Recruiting clinical trial participants, keeping them enrolled and capturing accurate information were growing and expensive challenges even before COVID-19 lockdowns.
Struggling with complex paper forms or hard to navigate websites, many patients were unable to accurately record when and if they took their medications, their reactions to them or their general health status. Even when professionals at a central site perform an EKG or draw a blood sample, they capture only a snapshot of the patient’s condition, not a more complete view of the safety and efficacy of treatment possible through continual monitoring. Such visits, which can cost more than $3,500 each, also cannot record a patient’s experience during an intermittent condition such as a migraine headache or atrial fibrillation.
Traditional clinical trials, which are typically held at physical sites, also are impractical for the nearly seven out of ten patients who live more than two hours from the nearest clinical research site to participate in trials. Further straining the experience, traditional clinical trials require patients to sit through lengthy explanations and complicated legal disclaimers that they often don’t fully understand. Meanwhile, investigators must log onto multiple systems and juggle email threads just to record, assemble, understand and act on patient data. Due to such difficulties, organizations shelved many trials due to a lack of participants.
COVID-related restrictions on travel and personal contact, however, have forced the industry away from traditional trials, accelerating ongoing efforts to use technologies for decentralized clinical trials (DCTs). With a decentralized approach, many tasks can be accomplished remotely by patients themselves or with caregiver support. While this acceleration was born out of necessity, the move to DCTs also represents an opportunity to significantly improve the trial experience, making it easier to recruit, retain and engage the patients without whom it is impossible to complete a drug trial.

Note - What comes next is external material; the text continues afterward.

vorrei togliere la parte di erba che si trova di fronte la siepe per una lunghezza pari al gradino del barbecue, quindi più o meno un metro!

Our work with clients has shown that achieving this goal requires improving the experience for patients as well as trial investigators, sponsors and clinical research organizations. Simplifying and humanizing the entire trial ecosystem of interactions, processes and relationships through process reengineering and technology can not only maximize patient involvement but also reduce the cost, risk and delay of delivering new treatments to patients.
To help organizations transform the patient experience by offering decentralized trials, we share a few recommendations.

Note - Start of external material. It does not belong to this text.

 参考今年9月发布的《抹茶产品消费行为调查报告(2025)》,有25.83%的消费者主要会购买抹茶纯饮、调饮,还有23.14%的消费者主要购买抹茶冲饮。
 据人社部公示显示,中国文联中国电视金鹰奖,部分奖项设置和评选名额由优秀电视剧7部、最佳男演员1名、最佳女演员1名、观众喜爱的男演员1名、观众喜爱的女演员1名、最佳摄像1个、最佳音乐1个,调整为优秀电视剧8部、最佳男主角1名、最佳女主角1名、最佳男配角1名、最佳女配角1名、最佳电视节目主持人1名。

A frictionless experience for all
Rather than build a trial around an opportunity, for example, to use the latest wearable sensor or mobile app, start by understanding each stakeholder’s goals and how the trial’s routines, requirements and workflow will affect them. Then use these insights to guide approaches, such as how to create trial protocols or what technologies to use to improve the trial experience. Stakeholder experiences to address include:
- Patients, who want to improve, or regain, their health and help contribute to treatments for others. Eliminating barriers to participation requires easy-to-find information about trials that could help their conditions. Once in a trial, they must be treated like people (not “subjects”) and given tools, information and support to minimize their work, worry and discomfort.
- Investigators, who need to conduct trials quickly, while complying with regulations and protocols. They aim to do so at the lowest possible cost while getting the fastest, most accurate information about treatment safety and efficacy. Minimizing paperwork, data entry and technical complexity will help them manage complex clinical trials, giving them more time to develop new treatments and encouraging them to volunteer for future studies.
- Sponsors and clinical research organizations (CROs), who also must complete trials as quickly as possible so they can either bring the treatments to market or refocus efforts on more likely candidates. This requires easy, fast access to real-time trial data and analytics, risk-based monitoring that focuses tracking efforts on the most critical adverse events, and easy, rapid processing of safety cases.